The teenage stage is all about pushing boundaries and limits. Hopefully this book will assist parents with an understanding of this stage and provide some tools and resources to make this challenging time a little less challenging.

“According to parents we’re too young for love, too old for fun, too smart to play dumb and too immature for grown up conversations. It’s no wonder teens are so rebellious! There’s nothing else to do!” Teenage quote

Teenspeak

Needless to say that I was once a teenager (although it seems like eons ago) with all the typical teenage thoughts (I hate my Mom. Why does my Dad think he always knows better? Why don’t they just get it? Why won’t they leave me alone? Why are they always trying to control me?) I also now have a 22 year old son who was once a teenager. In addition to that my profession demands I interact with teenagers. I am not proclaiming that this makes me an absolute expert in this field but hopefully I may be able to make the Drama Teen years a little less painful for you and for your parents by taking you through the physical and mental changes that take place during these years and are the cause of many teen parent conflicts.

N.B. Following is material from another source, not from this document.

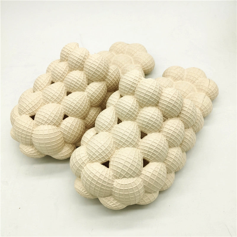 - WHERE COMFY MEETS STYLE!: Learn why thousands of customers have shopped with us (the official provider) & why they say that Golf Ball Slides Original are the most comfortable slides they own. You’ll be shocked at how quality our Bubble material is! They are sure to feel like you’re walking on fluffy clouds!
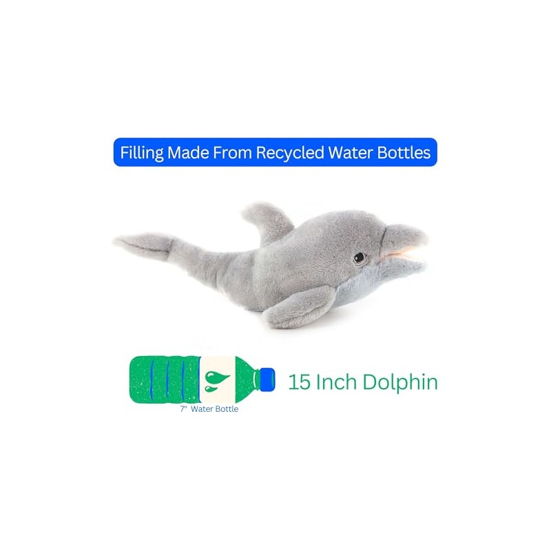 The Petting Zoo Dolphin Stuffed Animal Plushie, Gifts for Kids, Earth Keeperz Sealife Animals, Zoologee Grey Dolphin Plush Toy, 15 inches

In my research of the brain and how the brain best learns I came across the discovery of neuroplasticity, which says that our thoughts can change the structure and function of our brains. This can happen even into old age but the impact during the teenage years while your brain is actually going through a process of restructuring is the most intense. Neuroplasticity is the most important breakthrough in our understanding of the brain in four hundred years. If you understand the significance of this and apply the learning it may impact the outcome of your life.

My reason to write this book for a dual audience namely you and your parents is to allow each side to see that there are no two sides and to allow for a common point of perception.